Without the “left-to-right” guideline, there’s a tendency for diagrams to employ “bottom-to-top,” “side-to-top,” etc. flows, usually in an attempt to compress the diagram. The result is a more compact diagram that is also less useful because it doesn’t convey the true dynamics of the process, such as being excessively sequential. In every single case when I’ve redrawn a model “left-to-right” the stakeholders have found it more informative, sometimes vastly so.

I can’t offer quite such a simple guideline for data models, because there are lines representing both dependent and non-dependent relationships, but we can be almost that simple. Here’s how.

Case 1 – dependent relationships
In any relationship involving dependency, say a Performance Review for a Worker, or an Assignment for a Worker, there is a child and a parent entity, and these relationships will always go up and down. Note that the parent may in turn be a child of (dependent on) some other entity. Anyway, the guideline is that in a dependent relationship, the line connects at the bottom edge of the parent entity and the top edge of the child entity.

Except in very rare cases, dependent relationships are 1:M (one-to-many) relationships, so we can also say that the relationships on the bottom edge of an entity will always have a cardinality of “one,” and the relationships on the top edge will always (almost) have a cardinality of “many.” There will never (absolutely never) be a “many” – a crowsfoot – on the bottom edge of an entity. (Otherwise, you have the “dead crow” I introduced last month.) There will almost never be a “one” – a hashmark – on the top edge of an entity, except if it’s a subtyping relationship.

Case 2 – non-dependent relationships
Relationships which don’t involve dependency – that is, they don’t involve a parent and a child – will always go side to side.

Non-dependent relationships can be either 1:M or M:M. Examples include an associating relationship, such as Worker enrolls in Benefit Program (M:M) or a classifying relationship, such as Benefit Program Type classifies Benefit Program (1:M). M:M (many-to-many) relationships will always connect the side of one entity to the side of another entity (or the same side of the same entity, if the relationship is recursive.) Note that I didn’t provide an example of a 1:1 relationship between entities, because that’s almost invariably an error – either incomplete analysis of the situation, or inadvertently splitting a single entity into two. Your DBA might do that in the physical database design, say, to separate a table into public and secure tables connected by a 1:1, but we’re discussing modeling, not physical design.

In summary:

  • The top edge of an entity is reserved for relationships with one or more parent entities;
  • The bottom edge of an entity is reserved for relationships with one or more child (dependent) entities;
  • The side edges of an entity are reserved for relationships with other entities where there is no dependency.

Note that these side-to-side relationships can be mandatory for one of the participating entities, but that’s a different thing than dependent.

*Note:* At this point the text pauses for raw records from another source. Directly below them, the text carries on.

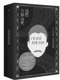
2019年1月 中信出版·大方 [美]F.斯科特·菲茨杰拉德 《我愿为你而死》

作者格里森姆花了一年半的时间,访问罗恩的家人、棒球教练、和他一起入狱的朋友,以及冤案涉及的法官、检察官和律师。作为有十年执业经验的律师,格里森姆试图揭示出一幅误判的图景,在美国,每个州每个月都在发生误判,原因大同小异:侦查工作不当、垃圾科学、说谎的目击证人、不负责任的辩护律师、傲慢的检察官。
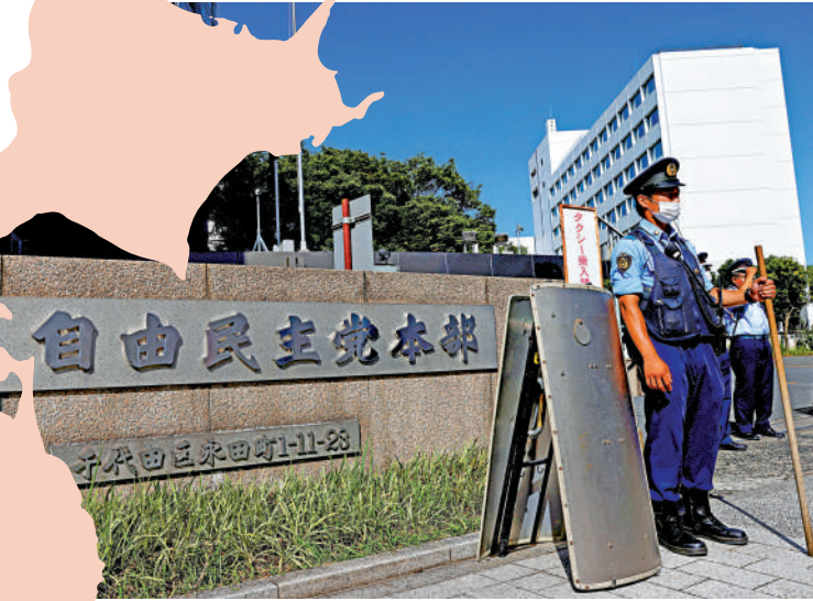
▲安倍晉三遇刺後，日本各黨派均加強安保，圖為警察10日在自民黨總部附近守衛。
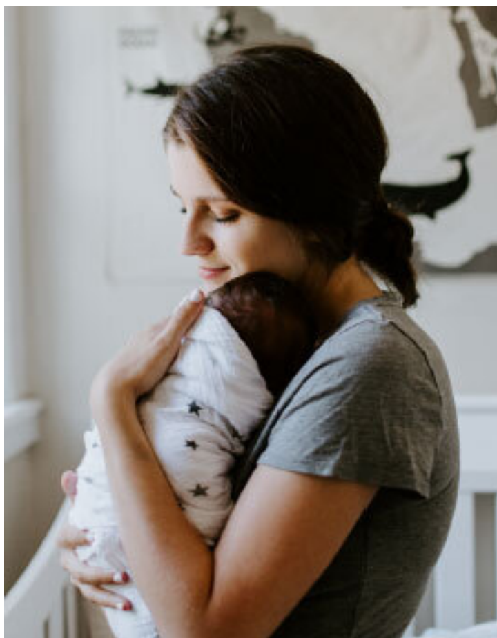
Рис. 3. Нежность, забота и любовь. Материнство раскрывает в женщине дар Берегини.
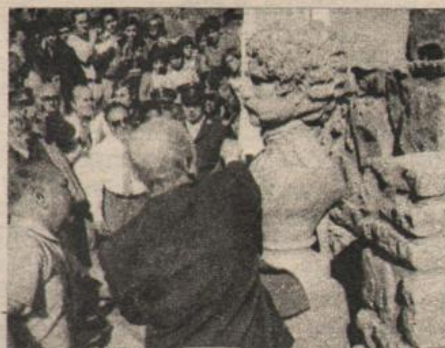
FACUNDO QUIROGA. Las autoridades nacionales descubren el busto del legendario "Tigre". Hoy más vigente que nunca.

En torno a eso, el gobernador arrancó aplausos cuando expresó que "nos sentimos protagonistas de la historia, pues estamos cumpliendo un mandato irrenunciable: instaurar las bases en esta querida
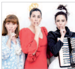
Cía Del Puchero.

La Villa tomará el relevo en el mes de marzo y lo hará con la
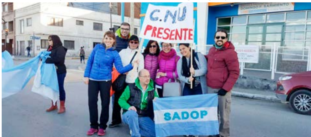
Desde el Sindicato Argentino de Docentes Particulares (SADOP) convocaron a un paro de actividades para el próximo viernes, con el objetivo de reclamar el pago del ítem Ayuda de Material Didáctico.

“Fieles a nuestra conducta hemos agotado todas las instancias en aras de resolver el conflicto por otros medios, y lamentamos tener que recurrir a esta medida por la incomprensión de nuestros empleadores y del estado provincial”, concluye el comunicado.
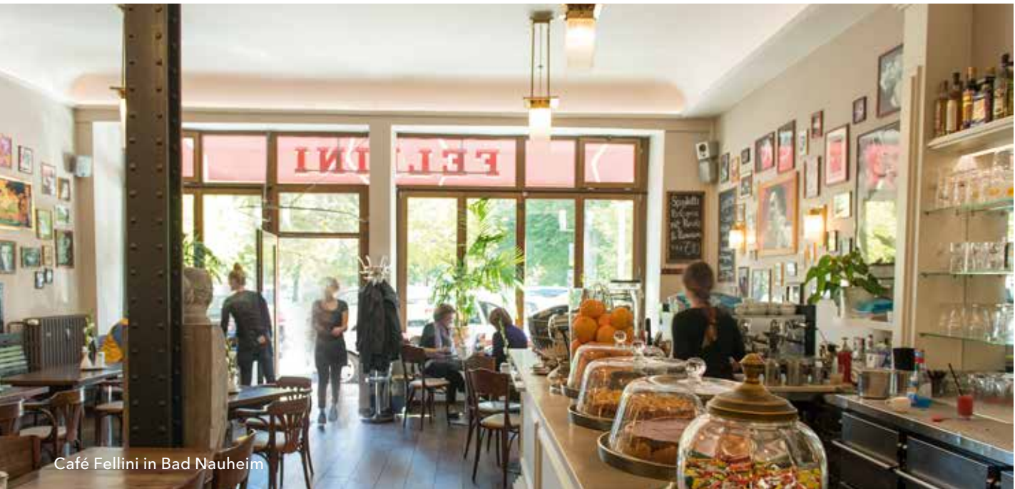
Café Fellini in Bad Nauheim

Die Strategie Europa 2020 wurde im Jahr 2010 vom Europäischen Rat mit dem Ziel verabschiedet, Wachstum und Arbeitsplätze zu schaffen. Sie bildet den innovationspolitischen und strategischen Rahmen der Europäischen Union, um Antworten auf die großen gesellschaftlichen Herausforderungen zu liefern, die sich den europäischen Staaten stellen:

For instance a relationship from an entity to a classifying (reference) entity (Benefit Program to Benefit Program Type) will usually be mandatory for the classified entity, but we wouldn’t say that a Benefit Program is a child of a Benefit Program Type.

Drawing guidelines – applied to the four entity types
Now we can apply those guidelines to the four entity types. If you’re reading a data modeling blog, you surely know that even the largest and most complex data models contain only four different types of entities. Sorry to bore you with what you already know, but a quick review will ensure we’re using the same language and concepts. 

Those four are kernel, characteristic, associative, and reference. There are five if you include subtypes, but those are always subtypes of one of the primary four. You might use different names, such as fundamental for kernel, and attributive for characteristic, or any of a host of names I’ve heard for reference entities – classification, type, codeset, lookup, and so on. Whatever the name, we can define the structural role they play, and state some rules (sorry – guidelines) for how they should be drawn. I’ll provide examples, although they’ll be limited given the constraints of working within a blog.

Kernel entities
As Chris Date once said, these are “what it’s all about,” which is why “fundamental” is probably an even better term. (I’m a creature of habit – I learned “kernel” first.) They are independent, and most everything else in the model is more details about the kernels, or about the events, transactions, and relationships among them. Depending on the circumstances, Worker, Organization Unit, and Building could all be kernel entities.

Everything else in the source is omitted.